Conquista a ti mesmo! Nos diz o filósofo. A cultura não está na aglutinação de
informações e na reprodutibilidade de conhecimentos – ela é conquistada com esforço,
apenas a partir do momento em que se assume a responsabilidade sobre si mesmo e
se é honesto consigo no reconhecimento das forças que atuam em seu interior para, de
acordo com isso, lapidar-se a si mesmo, contruir-se numa cultura, sem esperar em
troca nenhum benefício a não ser a própria formação, a escultura de si.
É essa a proposta que apresenta o jovem Nietzsche a seus contemporâneos.
Um rompimento com tudo o que há de fraqueza e submissão em busca de um tipo de
educação forte e contumaz, seguro de si e comprometido com a formação do próprio
caráter em acordo com cada natureza. Toda esta crítica e proposta são o início do
projeto filosófico nietzscheano, se assim pudermos chamar. Ao longo de sua obra as
bases formais da cultura moderna serão dilapidadas, até chegar ao fundamento
mesmo da racionalidade europeia.
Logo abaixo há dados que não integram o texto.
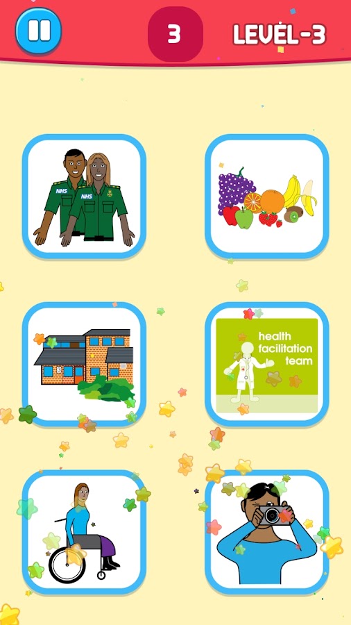 Цель проста, но сложна — сопоставить соответствующие половинки символов до того, как истечет время. По мере прохождения игры уровни сложности возрастают, представляя постоянно растущий массив замысловатых символов для проверки ваших когнитивных способностей. Символы разнообразны от «легких до самых простых», взятых с веб-сайта https://www.learningdisabilityservice-leeds.nhs.uk/easy-on-the-i/image-bank/, что обеспечивает визуально стимулирующий опыт.

Desconstruindo toda uma cultura e denunciando as
hipocrisias construídas sobre os mais profundos impulsos humanos através da
denúncia de uma forma de vida baseada na falsidade e no niilismo, apoiada em falsos
conceitos e voltada para o nada. A isso Nietzsche dedicou a vida, derrubar os ídolos,
transvalorar os valores e assim dar nascimento a um novo tipo de homem, a uma alta
cultura, espelhada no ideal clássico – projeto audacioso que o fez (e faz até hoje)
pouco compreendido, mas certamente um dos mais graves, importantes e
revolucionários nomes da história da filosofia.